The . represents regular expression meta-character which means any character.
The * is a regular expression quantifier, which means 0 or more occurrences of the expression character it was associated with.
matches takes regular expression string as parameter and (.*) means capture any character zero or more times greedily
.* means a group of zero or more of any character
In Regex:
.
Wildcard: Matches any single character except \n
for example pattern a.e matches ave in nave and ate in water
*
Matches the previous element zero or more times
for example pattern \d*\.\d matches .0, 19.9, 219.9
There is no reason to put parentheses around the .*, nor is there a reason to instantiate a String if you've already got a literal String. But worse is the fact that the matches() method is out of place here.
What it does is greedily matching any character from the start to the end of a String. Then it backtracks until it finds "Tutorials", after which it will again match any characters (except newlines).
It's better and more clear to use the find method. The find method simply finds the first "Tutorials" within the String, and you can remove the "(.*)" parts from the pattern.
As a one liner for convenience:
System.out.printf("Return value : %b%n", Pattern.compile("Tutorials").matcher("Welcome to Tutorialspoint.com").find());
I'm not used to them and having trouble with the java syntax "matches".
I have two files one is 111.123.399.555.xml the other one is Conf.xml.
Now I only want to get the first file with regular expressions.
string.matches("[1-9[xml[.]]]");
doesnt work.
How to do this?
The use of string.matches("[1-9[xml[.]]]"); will not work because [] will create a character class group, not a capturing group.
What this means is that, to java, your expression is saying "match any of: [1-to-9 [or x, or m, or l [or *any*]]]" (*any* here is because you did not escape the ., and as it, it will create a match any character command)
Important:
"\" is recognized by java as a literal escape character, and for it to be sent to the matcher as an actual matcher's escape character (also "\", but in string form), it itself needs to be escaped, thus, when you mean to use "\" on the matcher, you must actually use "\\".

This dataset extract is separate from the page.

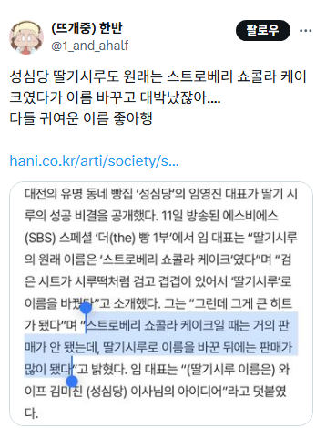 이슈 이름 바꾸고 대박났다는 성심당 딸기시루

This is a bit confusing when you are not used to it, but to sum it up, to send an actual "\" to be matched to the matcher, you might have to use "\\\\"! The first "\\" will become "\" to the matcher, thus a scape character, and the second "\\", escaped by the first, will become the actual "\" string!
The correct pattern-string to match for a ###.###.###.###.xml pattern where the "#" are always numbers, is string.matches("(\\d{3}\\.){4}xml"), and how it works is as follows:
The \\d = will match a single digit character. It is the same as
using [0-9], just simpler.
The {3} specifies matching for "exactly 3 times" for the previous
\\d. Thus matching ###.
The \\. matches a single dot character.
The () enclosing the previous code says "this is a capturing group"
to the matcher. It is used by the next {4}, thus creating a "match
this whole ###. group exactly 4 times", thus creating "match ###.###.###.###.".
And finally, the xml before the pattern-string ends will match
exactly "xml", which, along the previous items, makes the exact match for that pattern: "###.###.###.###.xml".
For further learning, read Java's Pattern docs.
string.matches("[1-9.]+\\.xml")
should do it.
[1-9.]+ matches one or more digits between 1 and 9 and/or periods. (+ means "one or more", * means "zero or more", ? means "zero or one").
\.xml matches .xml. Since . means "any character" in a regex, you need to escape it if you want it to mean a literal period: \. (and since this is in a Java string, the backslash itself needs to be escaped by doubling).